What this means: Despite three international bodies producing guidance to prevent wound infections after surgery, the practice in vascular surgery remains varied, perhaps reflecting inconsistency between guidance recommendations. Further high-quality evidence is needed to assess the effectiveness of individual interventions to reduce the incidence of wound infections after vascular surgery. The impact of this evidence should then be maximised to develop up-to-date guidance and minimise variability in practice.
Abstract
Background: Surgical site infections (SSI) have a significant impact on morbidity and mortality within vascular surgery. Despite the publication of several guidelines, there is a lack of consensus regarding the most effective perioperative practice to minimise the incidence of SSI. This study aimed to assess the current practice of SSI prevention among UK vascular surgeons.
Methods: An online survey developed using the current National Institute for Health Care and Excellence (NICE), Centers for Disease Control and Prevention (CDC) and World Health Organisation (WHO) SSI prevention guidelines was piloted in a tertiary vascular centre before being distributed by email to the members of the Vascular Society of Great Britain and Ireland. The survey contained 15 question domains across preoperative, perioperative and postoperative phases to establish current SSI prevention practice. The survey was open for 1 month with reminder emails at 2 and 3 weeks.
Results: A total of 109 respondents from 47 UK hospitals completed the survey, 90 of which were consultants (82.6%). The median reported SSI rate was 7.5% (IQR 5–10%). Lower limb arterial and major limb amputations were highlighted as the highest risk procedures of SSI. Empirical criteria are used by 67.2% of respondents to diagnose SSI, and over half (52.2%) of surgeons used this alone. Most respondents use alcoholic chlorhexidine gluconate (69.6%) skin preparation and basic wound dressings (67.6%). Around half (52.5%) of respondents reported that they would use negative pressure wound therapy for closed wounds. Formal wound surveillance was not undertaken by 73.7% of respondents.

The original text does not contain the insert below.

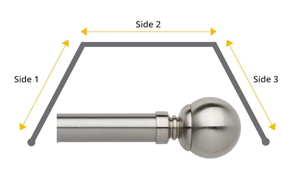 Complete with Ball finials, 35mm poles, corner bends and 5 strong brackets, this stainless steel 35mm metal eyelet kit will complete your 3 sided bay window with a touch of elegance and class.

Conclusions: There is little agreement in current guidelines on the best practice to prevent SSI. Unsurprisingly then, clinical practice follows suit and continues to show little consensus on prevention measures used. There also appears to be a disparity in registry level, clinical perception and literature data for SSI rates. Well-designed high-quality trials are needed to provide evidence-based recommendations in this field.
Introduction
Surgical site infections (SSI) are a common complication following vascular surgery, with significant detrimental effects for patients and healthcare providers.1 Reported SSI rates vary, but may be as high as 40%.2 This high rate is due to vascular surgical patients often being elderly, smokers and diabetics, frequently having multiple long-term conditions. Undesirable physical sequelae of SSI include pain, immobility, scarring, prolonged hospital stays and additional visits to clinics or from community services.3 SSI also inflict a heavy psychological burden, such as with social isolation due to odour and weeping being reported by patients as ‘embarrassing’ and leaving them in ‘utter despair’.4 Unsurprisingly, SSI are associated with depressive features, particularly with the chronicity of SSI-related illness.4,5 Vascular patients suffering from SSI incur greater length of stay, with those with infected amputation sites residing on average for 21 days compared with 3.3 days for those with infected abdominal hysterectomy.6 This concomitant increase in morbidity and prolonged hospitalisation has an adverse impact on health-related quality of life7 and survival. Furthermore, postoperative wound infections are detrimental to the surgeon-patient relationship.8 Moreover, healthcare systems sustain substantially elevated costs.9,10 Recent cost analysis in patients undergoing vascular surgery estimated the additional cost at £3,776 per SSI event.11 Prior research has demonstrated a significant variation in reported SSI rates and perioperative management of patients undergoing major lower limb amputations.12 In recent years, key organisations have published updated guidelines on SSI prevention.13-15 It is unclear whether the introduction of these SSI prevention recommendations has resulted in widespread implementation. Aiming to establish current clinical practice in the prevention of SSI within UK vascular surgery, our group designed, validated and distributed an online questionnaire regarding SSI prevention practice to the membership of the Vascular Society of Great Britain and Ireland. The insights gained from expert responses are reported in this paper.
Methods
The steering group for this study consisted of a professor, a consultant vascular surgeon, an academic clinical lecturer, a specialty trainee and a research fellow. The steering group coordinated the questionnaire development, validation, distribution and analysis.
Questionnaire development
SSI prevention guidelines from the National Institute for Health and Care Excellence (NICE), Centers for Disease Control and Prevention (CDC) and World Health Organisation (WHO) were analysed to identify 15 preventive measures forming the basis of survey question synthesis. Each guideline was also evaluated as to the level of recommendation for all SSI prevention measures to establish a rudimentary utility of the current strategies (Table 1). Survey questions for each of the 15 SSI prevention domains were discussed with the steering group, resulting in the addition of two further domains (type of sutures and post-discharge wound surveillance) and the removal of a single domain (surgical gloving) as little variation was anticipated. All decisions required unanimous agreement amongst the steering group members. Additionally, questions were reviewed to ensure wording was succinct, clear and unambiguous.
Questionnaire validation
A preliminary survey of 34 questions across 16 SSI prevention domains, including a range of binary, multiple choice and free-text open-ended questions, was validated through two rounds of piloting at a tertiary vascular centre with 10 consultants. After round 1, major (questions removed or added) and minor alterations (wording alterations) were made based on the feedback from the consultant body. Major alterations included two questions rationalised into one on three occasions, the removal of six questions and the addition of five questions. The reasons for major alterations included a lack of utility, repetition, a desire to minimise respondent fatigue, and an attempt to ensure all SSI prevention strategies were addressed. Ten minor alterations were made to wording or responses of questions. After the second pilot, no further changes were suggested.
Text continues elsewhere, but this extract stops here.